Optimizing Production Costs through Linear Programming and the Hax-Canda Model: A Case Study of the Chlef Cement Factory (2022–2023)
Keywords:
Product cost calculation, linear programming, Hax-Canda model, aggregate production planning, cement industry, cost optimization, Algeria.Abstract
This study examines the integration of linear programming and the hierarchical Hax-Canda model to optimize product cost calculation and aggregate production planning within the manufacturing sector. Using a quantitative modeling approach grounded in operations research, the research investigates how mathematical optimization techniques restructure cost allocation mechanisms, specifically contrasting traditional accounting methods with advanced algorithmic planning. The methodology applies a mixed-integer linear programming (MILP) framework to empirical data obtained from the Chlef Cement Factory (ECDE) in Algeria, spanning the 2022–2023 operational period.

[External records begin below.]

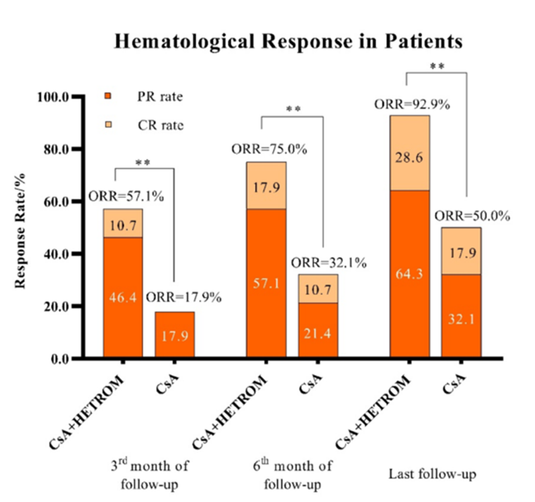海曲泊帕是我国首个获批AA适应证的TPO-RA类药物,它于2021年获得国家药品监督管理局(NMPA)批准在我国用于对IST疗效不佳的成人SAA患者,并成功纳入医保目录,减轻患者医疗负担。此外,海曲泊帕分子结构中含有铁离子螯合基团,可降低铁过载AA患者的血清铁蛋白水平8。基于其理想的药物学特点,研究者已经在TD-NSAA的一线治疗中探索其疗效。2024年,中国学者开展了一项单中心、前瞻性II期研究,纳入了28例在6个月内被诊断为TD-NSAA且未接受过治疗的患者9。入组患者接受海曲泊帕联合CsA,海曲泊帕的开始剂量为每天10mg,最高剂量未超过15mg。研究者采用了具有相同基线特征且使用CsA单药治疗的历史队列作为对照组。结果显示,治疗3个月后,海曲泊帕组的总缓解率(ORR)显著高于CsA对照组(57.1% vs. 17.9%,P=0.001)。6个月后,海曲泊帕组的ORR也高于对照组(75.0% vs. 32.1%,P<0.001),最后一次随访时,海曲泊帕组的ORR仍然显著更高(92.9% vs. 50.0%,P<0.001)。安全性分析显示,仅1例患者报告3级不良反应,该患者的每日用药剂量减少至5mg,其余患者均未减量或停止使用海曲泊帕,此外,两组的克隆进化的发生率无统计学差异。图3.TD-NSAA患者接受CsA联合海曲泊帕或CsA单药治疗的TD-NSAA患者在3个月、6个月和随访结束时的血液学反应
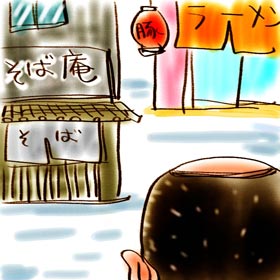 作者の頼みの綱は「蕎麦・うどん屋」なのだが、
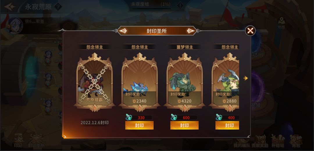封印圣所内将展示“异界传送门、次元裂缝”中击败过的领主,并可消耗“封印石”对齐进行封印,成功封印后将获得贡献值奖励
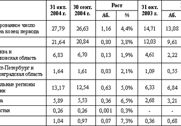 Абонентская база МТС в октябре 2004 года
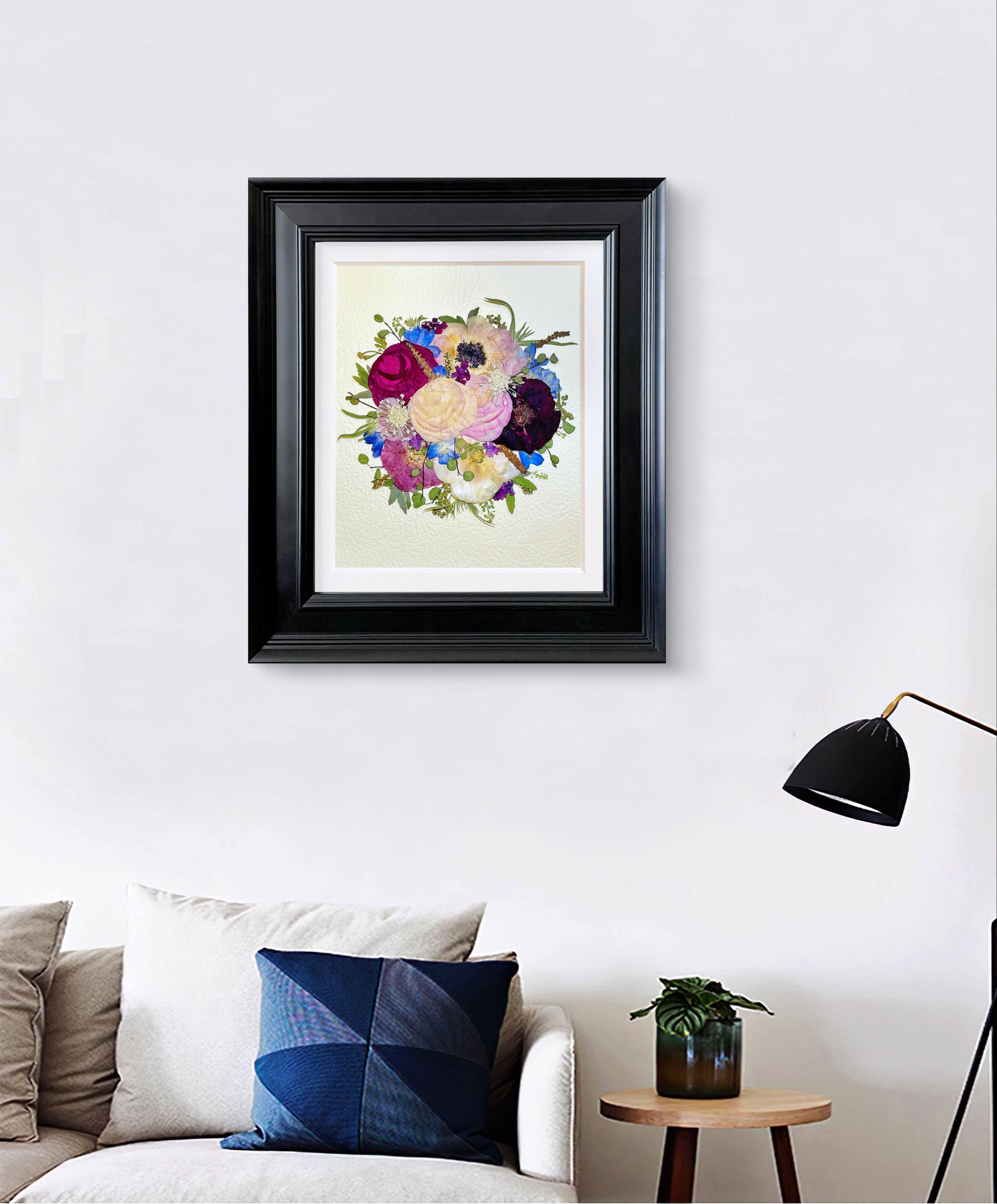 ▪ Product details: This exquisite piece features a blossom of roses meticulously crafted from individually cut and shaped flower petals, each delicately arranged by the designer. The vibrant petals are placed against a soothing white background, creating a harmonious contrast. The artwork is sealed beneath a clear acrylic cover, preserving the natural beauty of the petals while offering a sleek, modern finish. This handcrafted floral art adds a touch of nature and elegance to any space, making it a perfect gift or home décor statement.

Results indicate that deploying the Hax-Canda hierarchical model significantly streamlines resource allocation, yielding a 49.36% reduction in total production costs compared to the historical baseline. The findings suggest that industrial enterprises can substantially mitigate operational inefficiencies by transitioning from static cost accounting to dynamic, algorithm-driven production planning. The study highlights the critical necessity of integrating hierarchical decision-making frameworks to maintain cost competitiveness in energy-intensive manufacturing environments, with direct implications for industrial policy in developing economies.